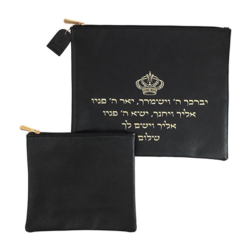 סט כיסויים דגם דמוי עור יברכך עם כתר צבע שחור עם אותיות מובלטות בצבע זהב
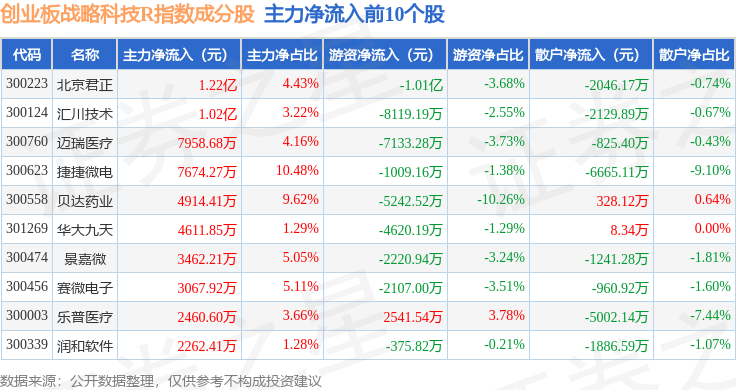 资金流向方面,创业板战略科技R(471004)指数成份股当日主力资金净流出合计5.13亿元,游资资金净流出合计4.17亿元,散户资金净流入合计9.29亿元。成份股资金流向详情见下表:
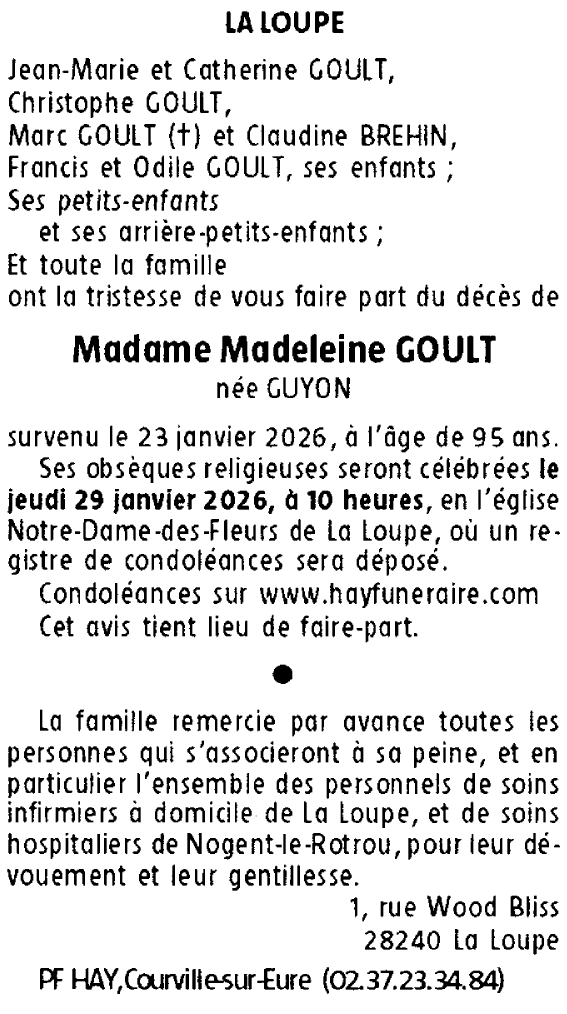 Madame Madeleine GOULT née GUYON
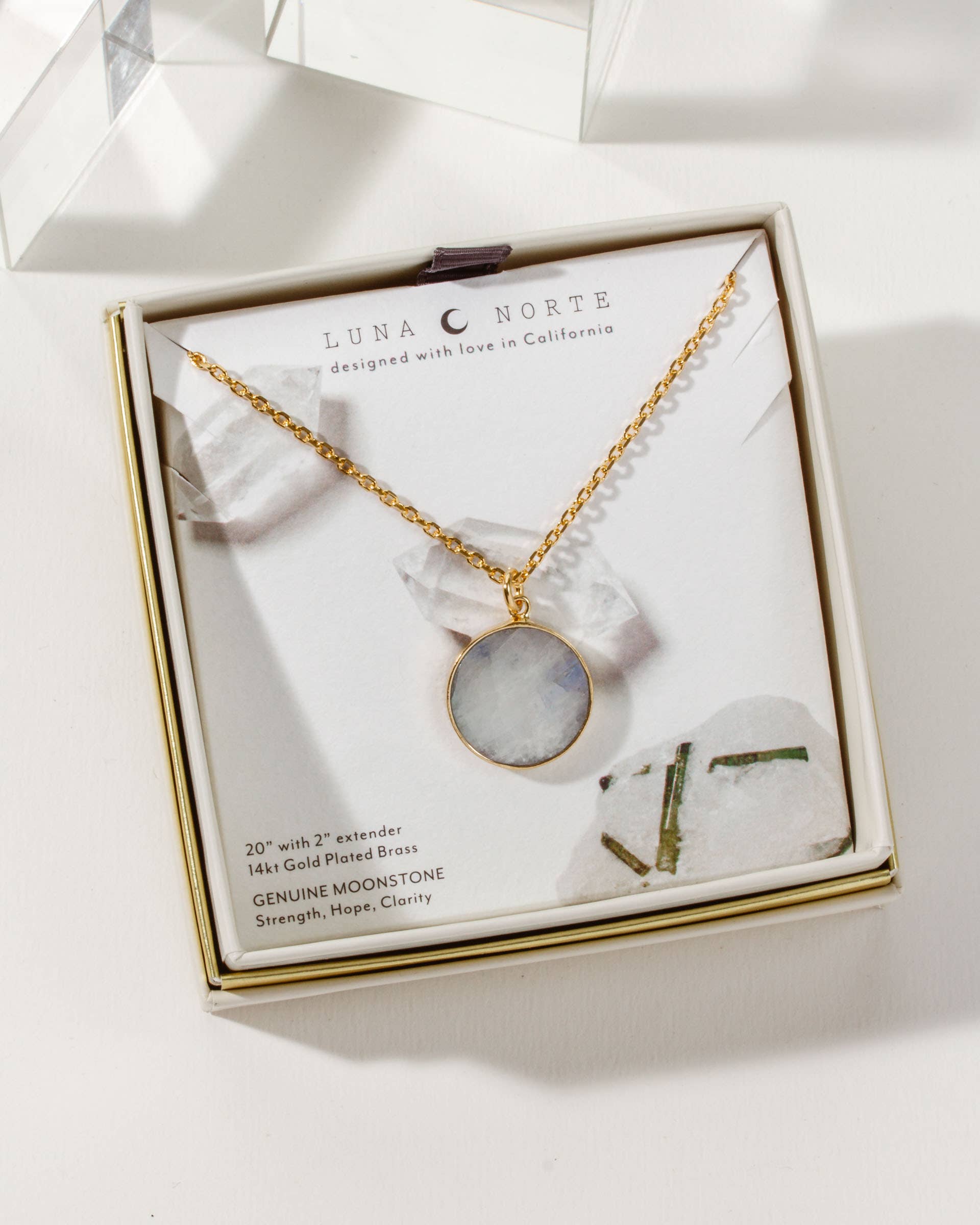 Afterglow Mini Long Medallion Halskjede - Moonstone
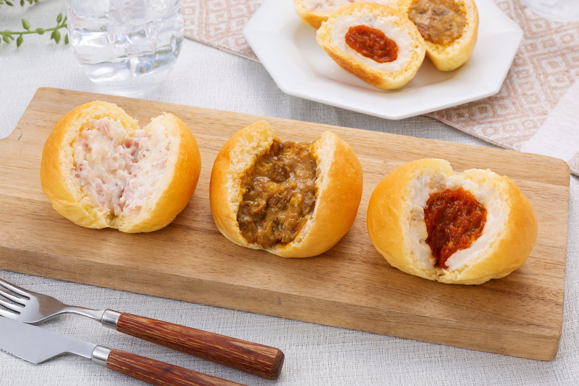 ポケットサンド(ベーコンポテト・チキングラタン・カレー)、カスタードシュークリーム
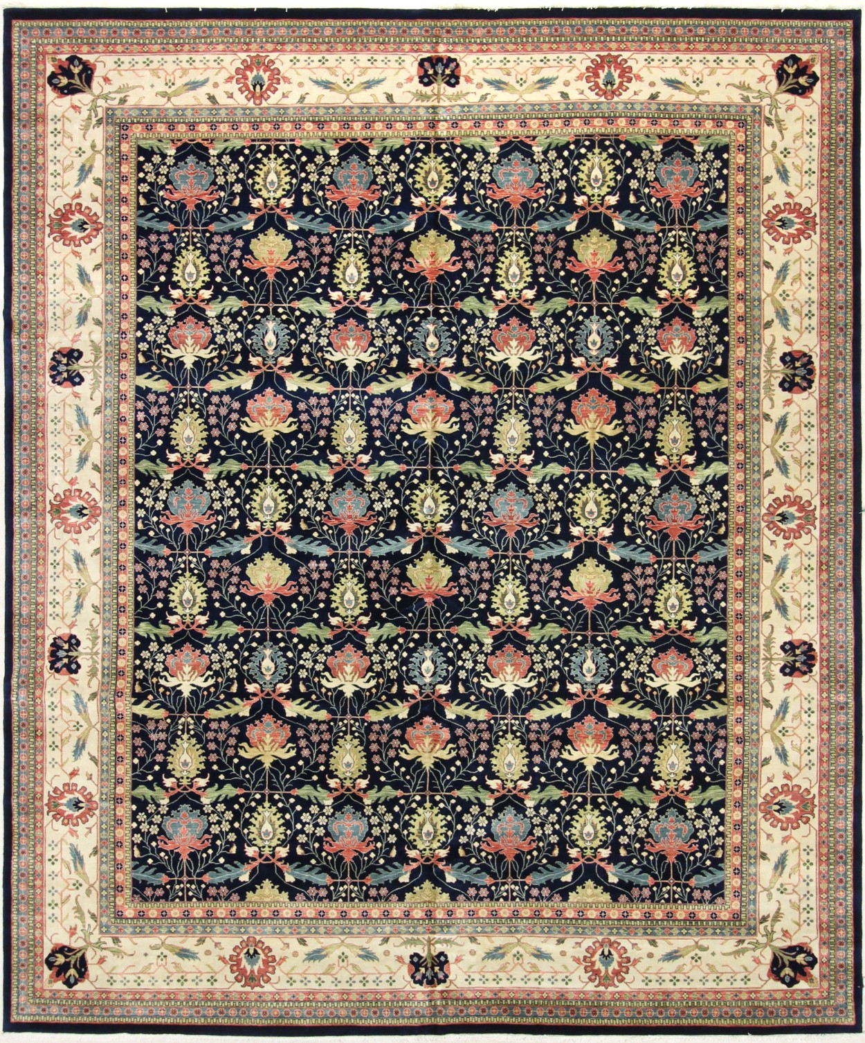 12’1” x 14’9” Indo Oushak 3025 – 108799 Rug#:108799Size:12’1” x 14’9”Design: OushakDesign#:3025Field Color:NavyBorder Color:IvoryContent:100% Wool PileOrigin: IndiaSize Category:12×15 – 12 x 15 Rugs category Traditional Collection tag 12x15 oversized rugs date June 27, 2024

• _WHAT YOU NEED TO DO_
Extract from the material above the stretch running from the line containing "资金流向方面,创业板战略科技" through the line containing "ポケットサンド(ベーコンポテ". Keep the text exact and the pictures out.

• _EXERCISE SOLUTION_
 资金流向方面,创业板战略科技R(471004)指数成份股当日主力资金净流出合计5.13亿元,游资资金净流出合计4.17亿元,散户资金净流入合计9.29亿元。成份股资金流向详情见下表:
 Madame Madeleine GOULT née GUYON
 Afterglow Mini Long Medallion Halskjede - Moonstone
 ポケットサンド(ベーコンポテト・チキングラタン・カレー)、カスタードシュークリーム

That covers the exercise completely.